Again, you wouldn't be doing this, you know, you wouldn't be running one single script on an EC2 instance. You'd probably do this more centrally. So there's a couple of QR codes here. The first QR code is a blog post from my colleagues and basically they, they do this but more at scale. So um they created Systems Manager Automation documents, then they will collect the data from the EC2 instances in a central place and then push them down to CloudTrail Lake. So that's one of the ways that you could do this. You could also use a Lambda function to, to pull the data in or you could uh put your scripts and your um your schedule into the the user data of the EC2 instance to push the data across that way. Um so that's one of the ways to get that external data into um CloudTrail Lake.

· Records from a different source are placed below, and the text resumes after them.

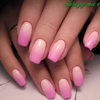 - Ombre effect. Fantasy transitions of saturated shades on the edge of the nail look amazing.
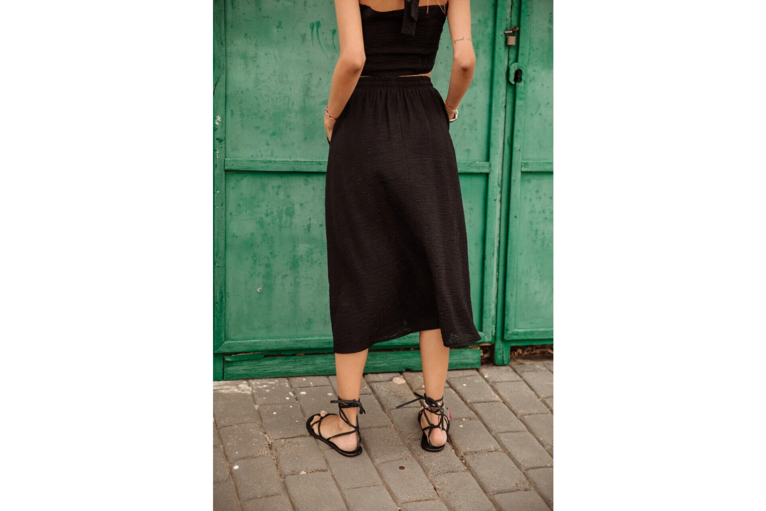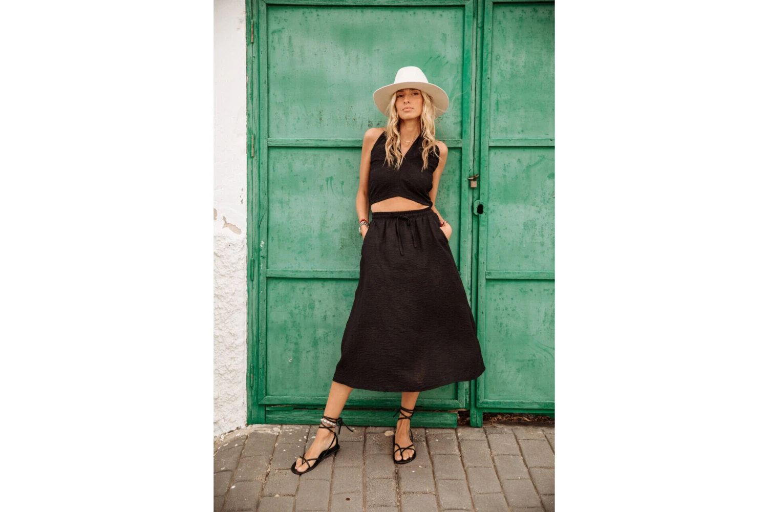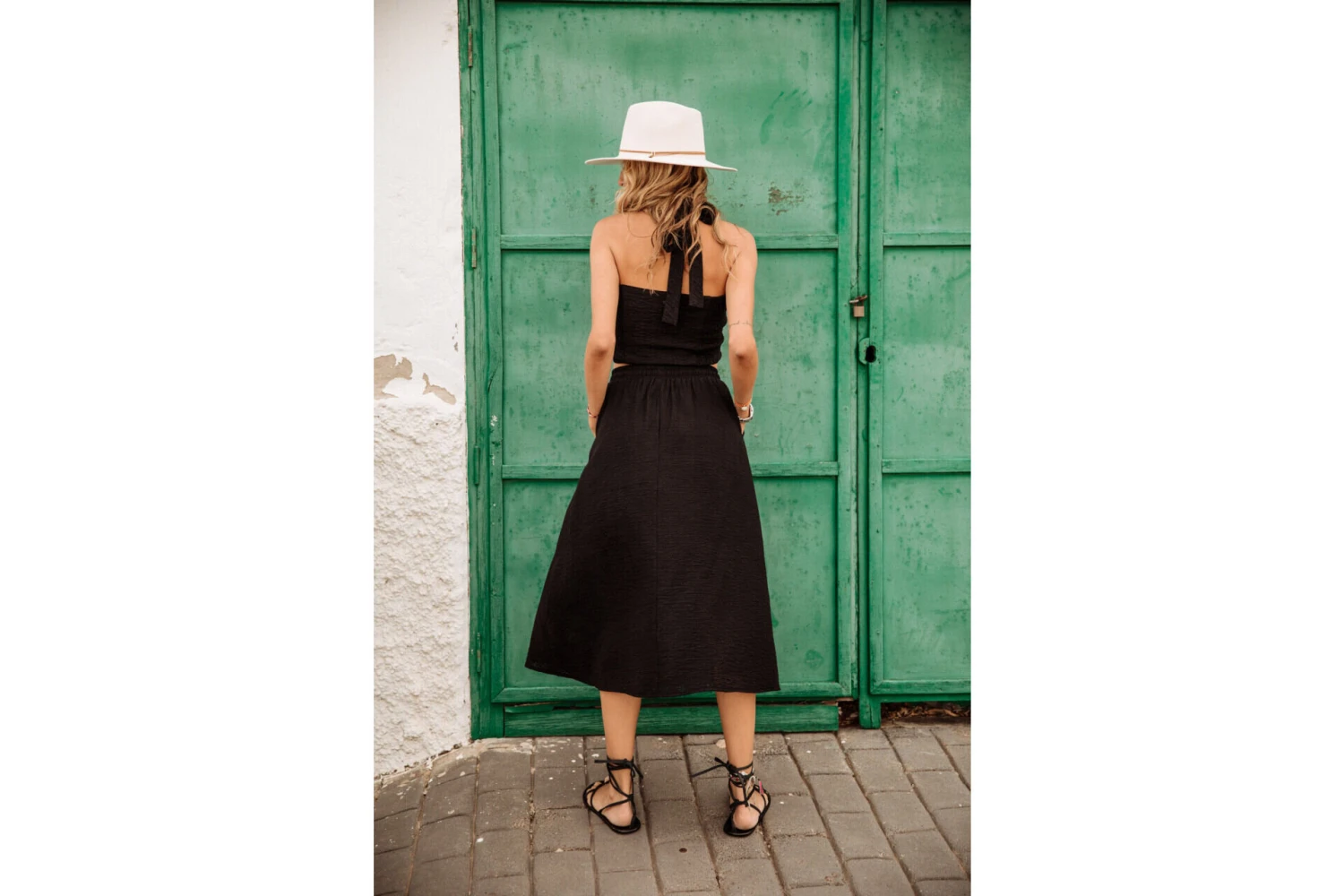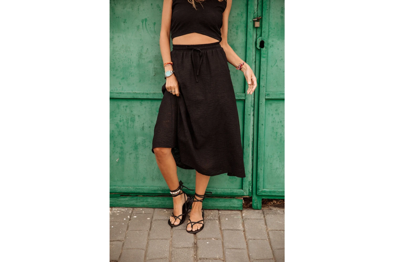 Laura mesure 175 cm et porte une taille S.
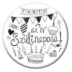 Színes, számos kitűző, mely kitűnő kiegészítő az ünnepeltnek. Mérete: 5,5 cm. Anyaga: fém.
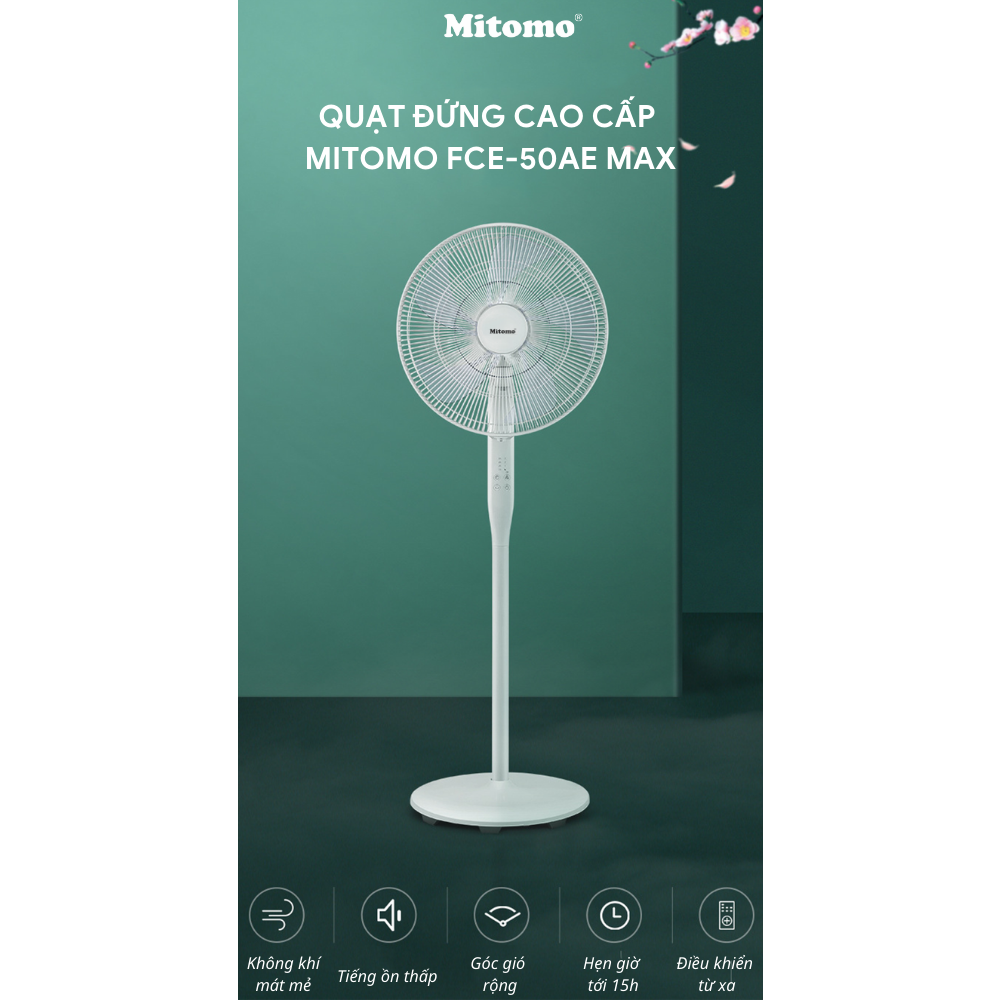 ✨Quạt Cây Đứng Cao Cấp Mitomo FCE - 50AE MAX, có điều khiển từ xa, hẹn giờ, hoạt động siêu êm hàng chính hãng
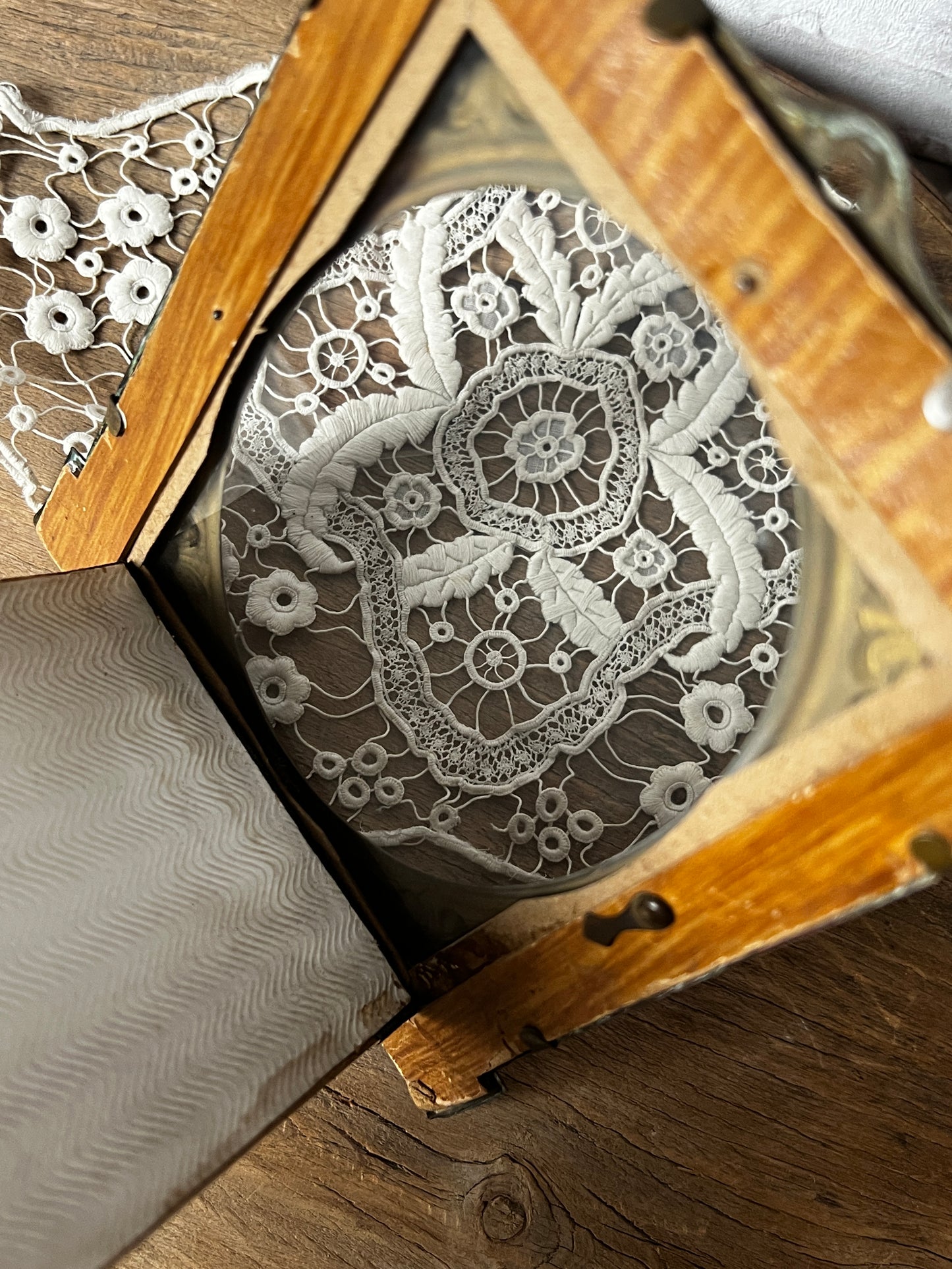 楕円形の窓には薄いガラスが入っており、背面を開閉して中の写真や小さな作品を差し替えることができます

The second QR code is just in case you haven't worked with CloudTrail LA before we have a repository of sample queries that you can just get started with. So you don't have to write them yourself. So that's another uh QR code to check out.

If you haven't come to speak to us in our Cloud Operations kiosk, please come and see us. Um if you want to talk about CloudTrail Lake or anything else, cloud ops related, come and say hello, there's also swag and uh and please don't forget to fill out the session survey and thank you so much for coming to see me today."